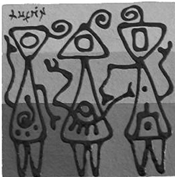
Acrílico sobre papel hecho a mano

Una política ambiental auténtica dialectiza la ideal- politik con la real- politik porque quienes parten de la realidad desconocen incertidumbres, quienes parten de ideas caen en una serie de promesas abstractas. Ni las ideas ni las realidades pueden dejar de lado la discusión sobre lo posible. No todo es posible en un momento determinado. Lo posible tiende a convertirse en imposible. Tener políticas ambientales en el contexto actual es posible, sin embargo, dicha labor se ha convertido en imposible por quienes se enriquecen a costa de un desarrollo lineal, mecánico y brutal para la naturaleza y la salud de las poblaciones y el equilibrio del planeta. Pero así como lo posible se ha convertido en imposible tenemos que hacer la apuesta para que lo imposible se convierta en posible. En consecuencia, la política ambiental tiene la obligación de una mayor audacia. Lo único que nos está prohibido es la superación del segundo principio de la Termodinámica el cual nos recuerda que no hay historia segura, que nada ni nadie es inmortal, que no hay paraíso terrestre y no existe el movimiento
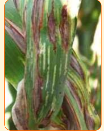
डाउनी मिलड्यु संक्रमित पत्तियां
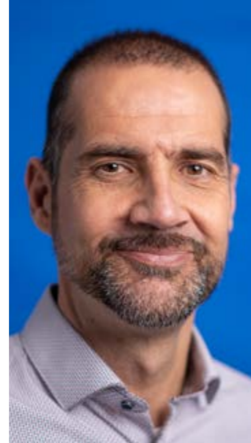
DANIEL GALLEGO ZURRO PRESIDENTE FEDERACIÓN NACIONAL AL CER

Comenzamos este año 2023 llenos de esperanza, convencidos de que este año por fin, no nos veremos tan afectados por la pandemia por COVID-19, aunque muy probablemente necesitaremos aún más dosis de refuerzo de vacunación, al ser nuestro colectivo de personas con enfermedad renal especialmente vulnerable y de riesgo. Sin duda, la mejor noticia es el afán de superación y todo lo que hemos aprendido durante la pandemia, pero manteniendo siempre las medidas sanitarias e higiénicas, con la vacunación como primera barrera frente a la COVID-19 y la GRIPE.
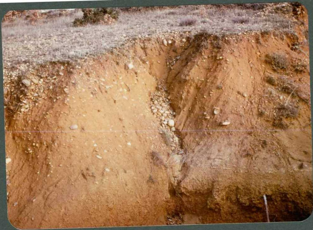
F.22: Depósitos arcillosos de vertiente. Villarquite del Páramo.

- _Assignment_
Only the lines starting at the one that holds "DANIEL GALLEGO ZURRO" and ending at the last line of the data belong in your answer. Please set them down exactly and omit the pictures.

- _Expected answer_
DANIEL GALLEGO ZURRO PRESIDENTE FEDERACIÓN NACIONAL AL CER

Comenzamos este año 2023 llenos de esperanza, convencidos de que este año por fin, no nos veremos tan afectados por la pandemia por COVID-19, aunque muy probablemente necesitaremos aún más dosis de refuerzo de vacunación, al ser nuestro colectivo de personas con enfermedad renal especialmente vulnerable y de riesgo. Sin duda, la mejor noticia es el afán de superación y todo lo que hemos aprendido durante la pandemia, pero manteniendo siempre las medidas sanitarias e higiénicas, con la vacunación como primera barrera frente a la COVID-19 y la GRIPE.
F.22: Depósitos arcillosos de vertiente. Villarquite del Páramo.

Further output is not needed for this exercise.